- **WHAT THE EXERCISE ASKS**: Please reproduce the lines of the records below from the one holding "Figure 3: Newly" through the one holding "We include here", inclusive, skipping all pictures.

- **RECORDS FOR PROCESSING**:
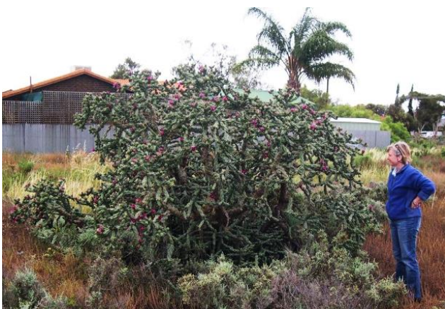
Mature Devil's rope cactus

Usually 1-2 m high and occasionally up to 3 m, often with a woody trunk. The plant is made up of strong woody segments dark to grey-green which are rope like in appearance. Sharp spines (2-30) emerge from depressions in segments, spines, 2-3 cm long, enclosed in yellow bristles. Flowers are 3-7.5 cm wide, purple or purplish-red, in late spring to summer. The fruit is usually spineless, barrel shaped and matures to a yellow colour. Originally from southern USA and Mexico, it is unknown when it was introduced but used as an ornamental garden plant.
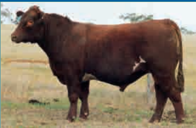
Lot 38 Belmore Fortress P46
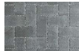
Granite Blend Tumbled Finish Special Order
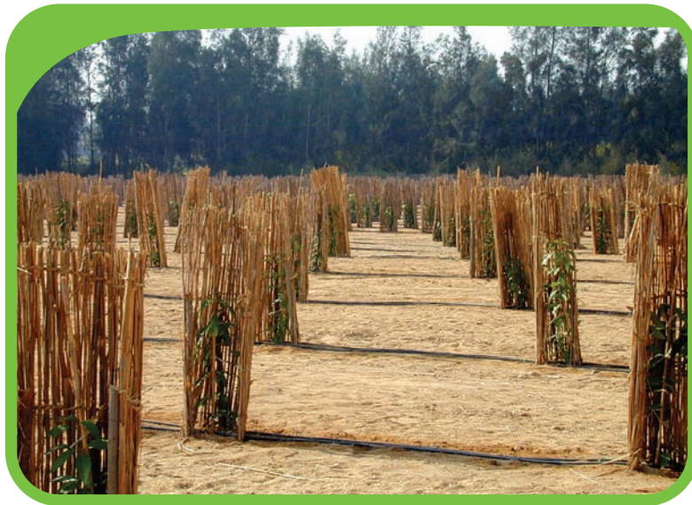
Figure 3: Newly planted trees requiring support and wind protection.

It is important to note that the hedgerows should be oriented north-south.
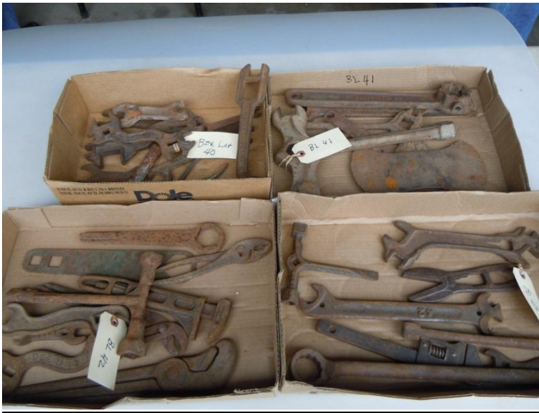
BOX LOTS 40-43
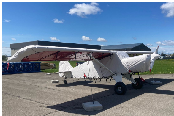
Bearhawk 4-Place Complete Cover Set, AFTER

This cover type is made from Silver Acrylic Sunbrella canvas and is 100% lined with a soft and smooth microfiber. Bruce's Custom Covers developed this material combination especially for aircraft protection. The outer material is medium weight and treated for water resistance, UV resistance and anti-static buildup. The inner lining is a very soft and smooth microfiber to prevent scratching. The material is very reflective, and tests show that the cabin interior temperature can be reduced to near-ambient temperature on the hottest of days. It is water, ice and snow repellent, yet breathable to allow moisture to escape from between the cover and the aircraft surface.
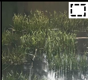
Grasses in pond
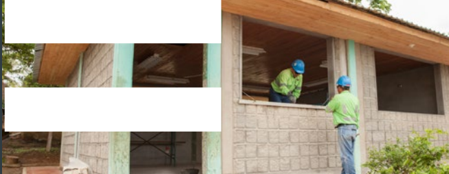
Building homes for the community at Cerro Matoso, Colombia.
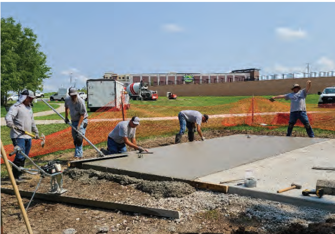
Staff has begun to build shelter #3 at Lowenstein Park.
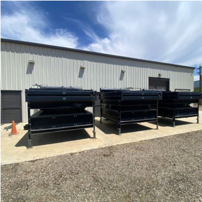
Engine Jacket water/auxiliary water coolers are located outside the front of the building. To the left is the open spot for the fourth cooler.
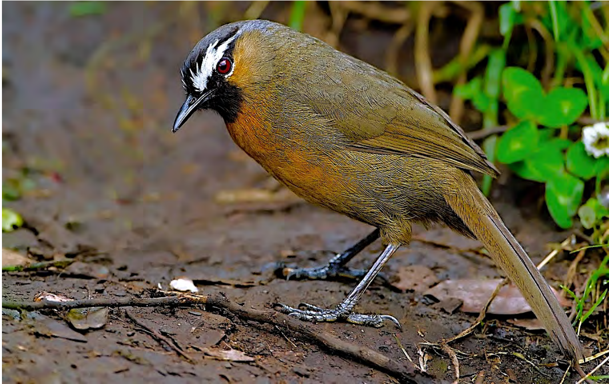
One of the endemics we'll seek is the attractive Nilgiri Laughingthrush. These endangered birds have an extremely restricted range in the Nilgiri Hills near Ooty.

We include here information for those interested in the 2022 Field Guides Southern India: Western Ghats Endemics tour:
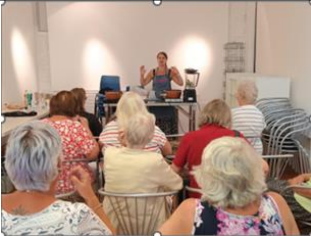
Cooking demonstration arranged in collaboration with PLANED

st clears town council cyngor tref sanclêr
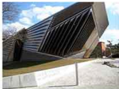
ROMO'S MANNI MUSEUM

==

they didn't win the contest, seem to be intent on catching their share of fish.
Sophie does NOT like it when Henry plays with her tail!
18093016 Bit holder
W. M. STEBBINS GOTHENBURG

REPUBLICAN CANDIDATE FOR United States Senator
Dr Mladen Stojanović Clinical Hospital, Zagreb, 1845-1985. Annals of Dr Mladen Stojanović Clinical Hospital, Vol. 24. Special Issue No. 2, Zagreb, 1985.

- **ANSWER TO THIS PROBLEM**:
Figure 3: Newly planted trees requiring support and wind protection.

It is important to note that the hedgerows should be oriented north-south.
BOX LOTS 40-43
Bearhawk 4-Place Complete Cover Set, AFTER

This cover type is made from Silver Acrylic Sunbrella canvas and is 100% lined with a soft and smooth microfiber. Bruce's Custom Covers developed this material combination especially for aircraft protection. The outer material is medium weight and treated for water resistance, UV resistance and anti-static buildup. The inner lining is a very soft and smooth microfiber to prevent scratching. The material is very reflective, and tests show that the cabin interior temperature can be reduced to near-ambient temperature on the hottest of days. It is water, ice and snow repellent, yet breathable to allow moisture to escape from between the cover and the aircraft surface.
Grasses in pond
Building homes for the community at Cerro Matoso, Colombia.
Staff has begun to build shelter #3 at Lowenstein Park.
Engine Jacket water/auxiliary water coolers are located outside the front of the building. To the left is the open spot for the fourth cooler.
One of the endemics we'll seek is the attractive Nilgiri Laughingthrush. These endangered birds have an extremely restricted range in the Nilgiri Hills near Ooty.

We include here information for those interested in the 2022 Field Guides Southern India: Western Ghats Endemics tour:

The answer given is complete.